4 Facts about Communicable Diseases
Last month we talked about being Fit to Fly and Flying With Communicable Diseases. Just after those blogs were published, media coverage about the Ebola outbreak in West Africa and the possibly of it spreading into the states increased. In case you haven't been following recent news reports, there have been over 3700 confirmed cases of Ebola in 2014, most specifically in the countries of Liberia, Nigeria, Guinea, and Sierra Leone. Recently, there were three Americans infected with Ebola while performing humanitarian work in West Africa. The three patients were medically transported back to the United States via specialized air ambulance for medical treatment in the first week of August.
Even though all necessary safety measures were taken during the medical transport and the three patients were quarantined in Serious Communicable Disease Units the thought of Ebola entering the US caused panic. These concerns proved to be unfounded as not a single new case of Ebola occurred as a result of their transport. In fact, there has yet to be a case of Ebola diagnosed in the U.S. and the initial two patients was discharged with a clean bill of health last week.
We wanted to write this blog to offer some more information on Ebola to hopefully decrease concerns. After all, knowledge is power!

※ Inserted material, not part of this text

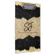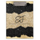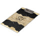 This professional custom clipboard feature a glamourous black and gold design. The centre portion features a gold glitter style pattern, and the top and bottom portions feature an abstract, black glitter and gold foil texture. Sample monogram initials are printed in the centre in an elegant script font, followed by a name and job title. You can personalise the clipboard to include your own custom initials or other text.

What you need to know about Ebola:
1. The Ebola virus is spread through direct contact with an infected person's bodily fluids. It can also be transmitted via contaminated needles or infected fluids, but no airborne transmissions have been documented. The incubation period of Ebola is 2-21 days and there is no risk of transmission during that period.
2. Airlines have been screening passengers leaving West Africa for Ebola before they can board the plane. There are also some airports screening incoming passengers.
Symptoms include fever, weakness, muscle pain, headache and sore throat. This is followed by vomiting, diarrhea, rash, and in some cases, bleeding.
4. There have been more than 3,600 reported human cases and more than 2,200 deaths since the discovery of Ebola in 1976. In comparison, approximately 200,000 people are hospitalized and 36,000 people die from the flu each year.
You should avoid:
- Contact with blood or bodily fluids of a person or corpse infected with the Ebola virus.
- Contact with or handling of wild animals, alive or dead or their raw or undercooked meat.
- Having sexual intercourse with a sick person or a person recovering from EVD for at least 7 weeks.
- Having contact with any object, such as needles, that has been contaminated with blood or bodily fluids.
If you have been exposed to any of the previous or you have traveled to the affected areas and are experiencing symptoms, you should contact your health care professional immediately. While 'Ebola' and 'outbreak' are two words you never want to hear in the same sentence, the CDC, the WHO and other organizations are working diligently to stop the spread in and out-of West Africa. Just yesterday, the Gates Foundation pledged $50 million towards the fight on Ebola outbreak. And, while there have been multiple reports of suspected cases in the U.S. since the recent outbreak, Ebola has never been diagnosed on U.S. soil.
No matter where or when you are traveling, make sure you take precautions to stay healthy: wash your hands regularly, avoid contact with people who are visibly ill, take your vitamins, and stay hydrated!